Task to complete: Transcribe the listing exactly, skipping every picture.

Data below:
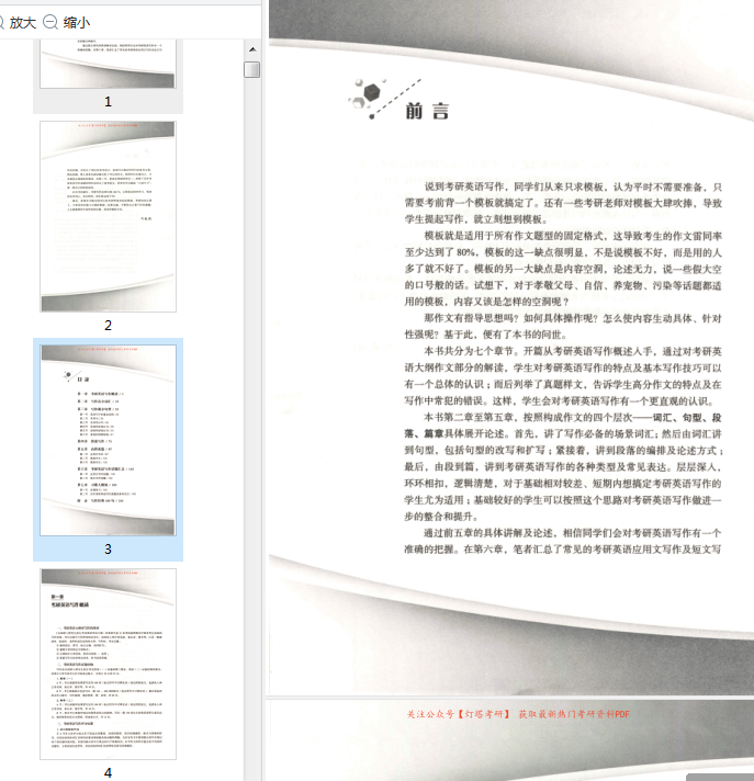 最后,由段到篇,讲到考研英语写作的各种类型及常见表达。层层深入环环相扣,逻辑清楚,对于基础相对较差、短期内想搞定考研英语写作的学生尤为适用;基础较好的学生可以按照这个思路对考研英语写作做进一步的整合和提升。
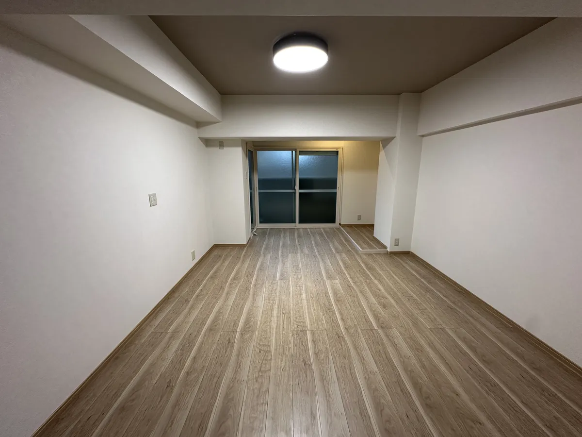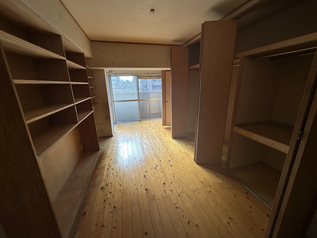 古い収納の撤去によって壁面がすっきりし、新しいフローリングとの組み合わせで空間全体のバランスも大きく向上しています。
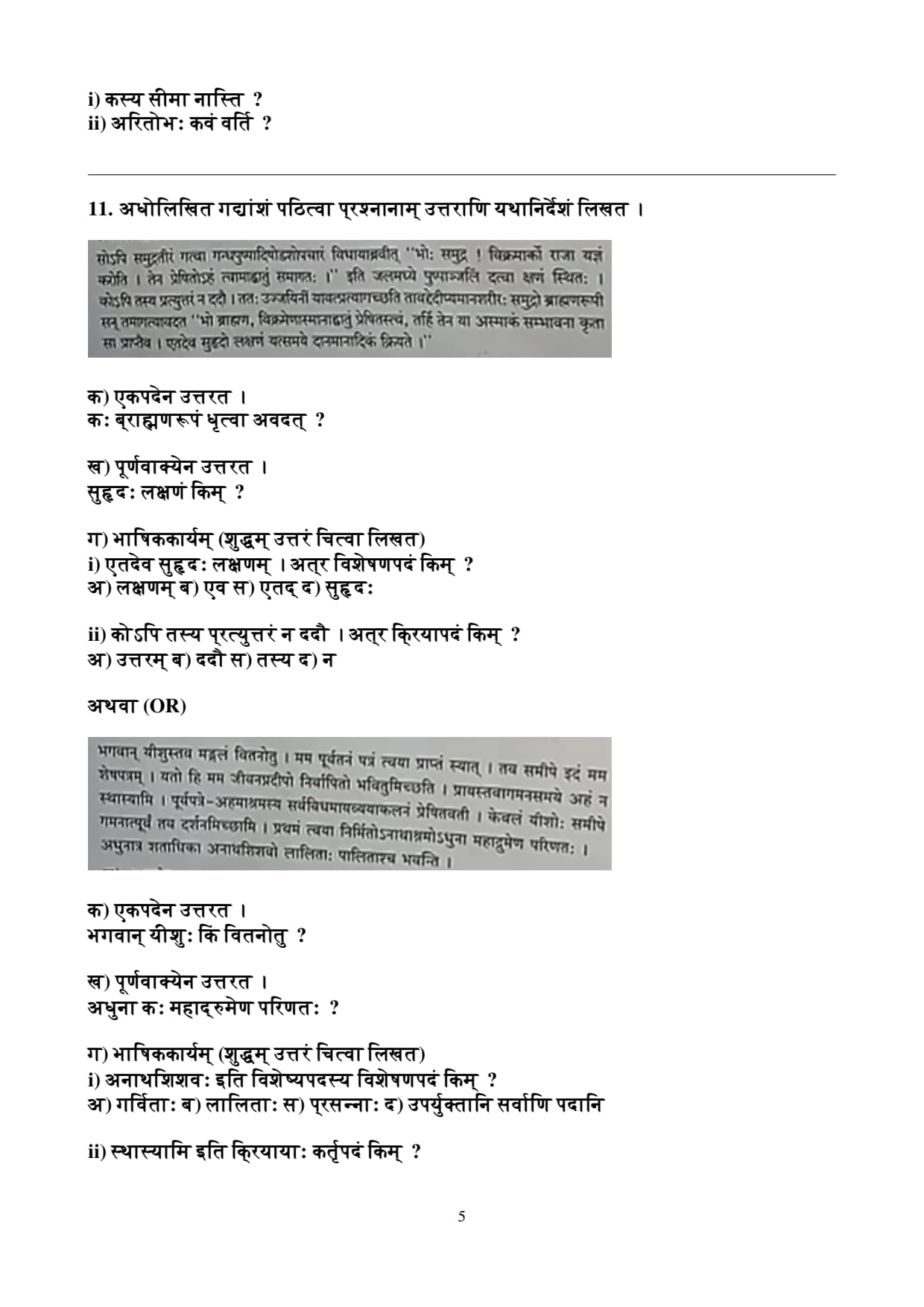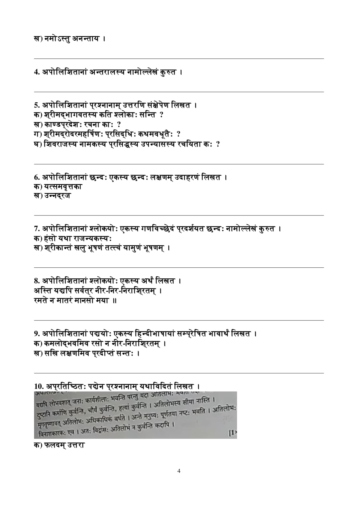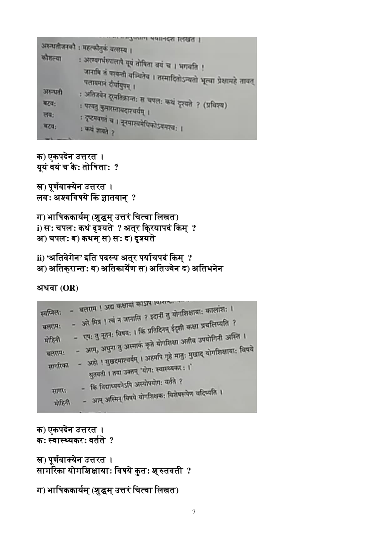 अधोलिखितं नाट्यांशं पठित्वा प्रश्नानाम् उत्तराणि यथानिर्देशं लिखत ।

Answer to this exercise:
 最后,由段到篇,讲到考研英语写作的各种类型及常见表达。层层深入环环相扣,逻辑清楚,对于基础相对较差、短期内想搞定考研英语写作的学生尤为适用;基础较好的学生可以按照这个思路对考研英语写作做进一步的整合和提升。
 古い収納の撤去によって壁面がすっきりし、新しいフローリングとの組み合わせで空間全体のバランスも大きく向上しています。
 अधोलिखितं नाट्यांशं पठित्वा प्रश्नानाम् उत्तराणि यथानिर्देशं लिखत ।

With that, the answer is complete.